I have 2 living in the back yard. They are about 3 weeks old. They grow fast. Other mamma deer
drop their babies off in the morning and come and get their babies in the evening. The other day
I had 3 mammas and 5 babies. The babies were about 2 feet behind my picture wall. Should have
got the camera. Here is a pic of nap time at the day care today. There are 3 of them laying down for a nap. One is already out.


----------



## Fire21 (Mar 9, 2014)

Dang, they are SOOOO cute!! Do they do any damage to your yard?


----------



## mopac (Feb 24, 2011)

They really don't. I have a few bushes and plants and they never do eat them. My neighbors have
trouble with them. Last year one of them spent all day planting plants and the very next morning
the plants had all been eaten. They can certainly be destructive.

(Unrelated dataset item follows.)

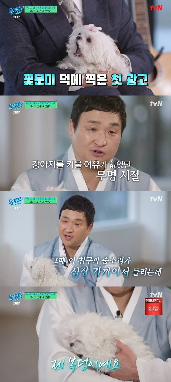 5일 방송된 tvN ‘유 퀴즈 온 더 블럭’(이하 ‘유퀴즈’)에서는 데뷔 20년 만에 전성기를 맞이한 구성환이 반려견 꽃분이와 함께 출연하며 유쾌한 입담을 자랑했다.

I get a kick watching them. The first one I saw this year was funny. Mamma deer was
walking around the yard and some kind of animal was following her. it was close to the ground and I thought it was a rabbit. Nope, it was a new born that could not even stand yet.
They are funny to watch when the babies realize they can run fast and jump. They run and jump like idiots. LOL, they are in that mode now.


----------



## AmFlyer (Mar 16, 2012)

They are liking the tall grasses, good cover for them.


----------



## Andy57 (Feb 7, 2020)

Nice picture. Some years the deer eat more of my garden than I do. A few years ago I set up my game camera to see how many deer were coming around. This is one of the photos I got. I didn't know I was missing any pears.


----------



## flyernut (Oct 31, 2010)

Deer, the other white meat!!!!.. I gave up hunting back in 1982, and gave all my guns to my younger son.


----------



## mopac (Feb 24, 2011)

Andy, is that a coyote? I have seen one in my yard and it was the middle of the day. My wife called
the conservation dept and wanted to know if the coyote was a threat to our golden retrievers. They
told her a coyote would be more apt to be playing with the dogs. They did say a small dog could be
in trouble.

Nice pic.


----------



## mopac (Feb 24, 2011)

Tom, I do let the back yard grow for them. Another 2 or 3 weeks the deer will be gone and I will cut the back yard.


----------



## AmFlyer (Mar 16, 2012)

We have coyotes out here and they do not play with anything, they are hunter-killers. During the day lone coyotes can be seen scouting their territory. They will take small dogs from yards and are a threat to small children on the wilderness hiking trails. One in a while one will even stalk and threaten an adult. At night they will hunt in packs. In the still night air their howling can be heard for a quarter mile when they take down a prey. They are extremely smart and can be seen during the day brazenly crossing one of our 6 lane high speed local streets. They casually weave through cars going by at 60mph. They do a good job of eliminating the population of nuisance rodents like rabbits, skunks and squirrels.
I get tired just thinking about cutting that yard above your wall. I would be tempted to hit it with Roundup twice/year.


----------



## flyernut (Oct 31, 2010)

Definitely a coyote picking fruit. My female chihuahua thinks that the apple trees around us are growing balls for her to play with, and she picks about a bushel a year.


----------



## mopac (Feb 24, 2011)

Animals, sometimes they are a pain. Tom, my John Deere will take care of the hill. I tried a cheaper, lighter duty mower and it just did not work. In fact, it was dangerous. it would not hold the hill. It would slide half way down the hill and tear up the grass. The Deere is sure footed. Its heavy and never slips the wheels. Its an all terrain tractor. X500 I think. Its not a Home Depot mower. Stupid thing cost me 6,000.00 but it does the job and will last me 20 years. My last tractor lasted 20 years. It was a good one also. First year I lived here I had a walk behind mower. I was a young man then and still could barely do it. The hill is a booger. Not sure what I was thinking when I bought this place. Never, Ever buy a house on the side of a big hill. When its all mowed and trimmed it looks nice here.


----------



## AmFlyer (Mar 16, 2012)

The right power equipment makes a big difference.


----------



## AFGP9 (Apr 8, 2015)

When I was a kid on the farm we had coyotes around all the time out in the timber. 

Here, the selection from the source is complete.